Sequelae of Congenital Cytomegalovirus Following Maternal Primary Infections Are Limited to Those Acquired in the First Trimester of Pregnancy.

Clin Infect Dis 2019 10;69(9):1526-1532

Equipe d'Accueil, Paris Descartes University, Sorbonne Paris CitéArchet, France.

Background: The known relationship between the gestational age at maternal primary infection an the outcome of congenital CMV is based on small, retrospective studies conducted between 1980 and 2011. They reported that 32% and 15% of cases had sequelae following a maternal primary infection in the first and second or the third trimester, respectively. We aimed to revisit this relationship prospectively between 2011 and 2017, using accurate virological tools.

Methods: We collected data on women with a primary infection and an infected child aged at least 1 year at the time of analysis. An accurate determination of the timing of the primary infection was based upon serial measurements of immunoglobulin (Ig) M and IgG and on IgG avidity in sera collected at each trimester. The case outcome was assessed according to a structured follow-up between birth and 48 months.

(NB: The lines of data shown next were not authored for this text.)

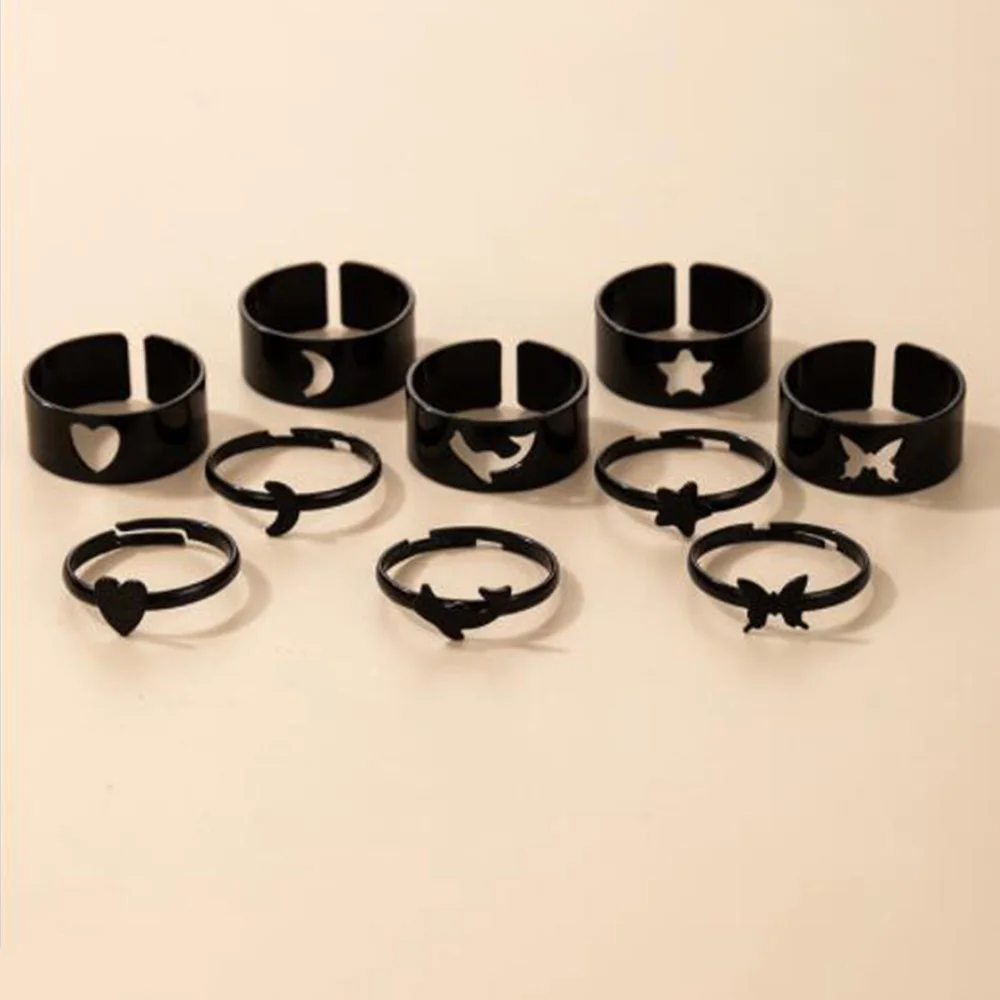 Комплект колец в стиле панк для женщин, комплект из 2 предметов с кольцами в форме сердца, звезды, бабочки, Луны, с геометрическим рисунком животного, регулируемые винтажные готические ювелирные украшения для пар
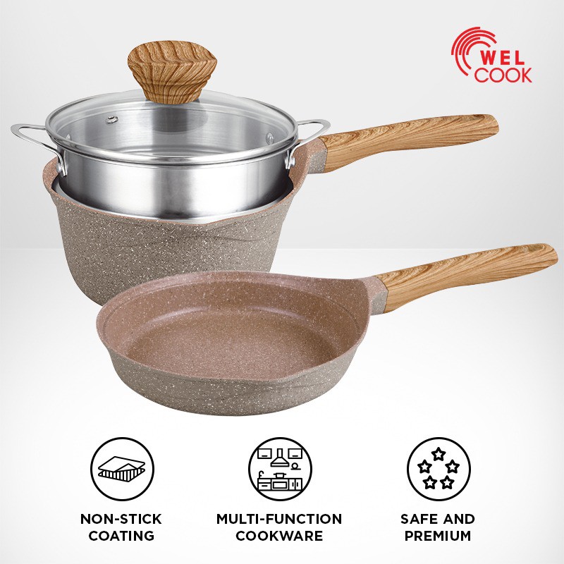 Welcook Panci & Saucepan Granite Elegante Antilengket 4 Pcs Set
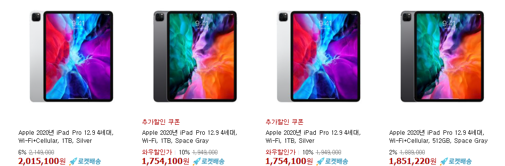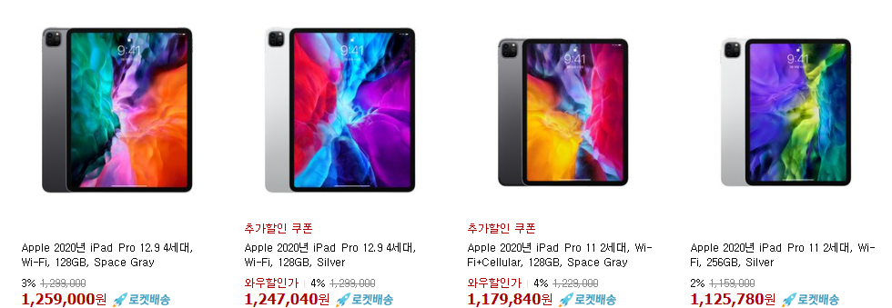 아이패드의 경우 제품(모델)에 따라서 할인 폭이 다르지만 가장 크게는 10%까지 할인 중이네요.

Results: We included 255 women and their 260 fetuses/neonates. The dating of the maternal infection was prospective in 86% of cases and retrospective in 14%. At a median follow-up of 24 months, the proportion of sensorineural hearing loss and/or neurologic sequelae were 32.4% (95% confidence interval [CI] 23.72-42.09) after a maternal primary infection in the first trimester, 0 (95% CI 0-6.49) after an infection in the second trimester, and 0 (95% CI 0-11.95) after an infection in the third trimester (P < .0001).

Conclusions: These results suggest that a cytomegalovirus infection can be severe only when the virus hits the fetus in the embryonic or early fetal period. Recent guidelines recommend auditory follow-ups for at least 5 years for all infected children. This raises parental anxiety and generates significant costs. We suggest that auditory and specialized neurologic follow-ups may be recommended only in cases of a maternal infection in the first trimester.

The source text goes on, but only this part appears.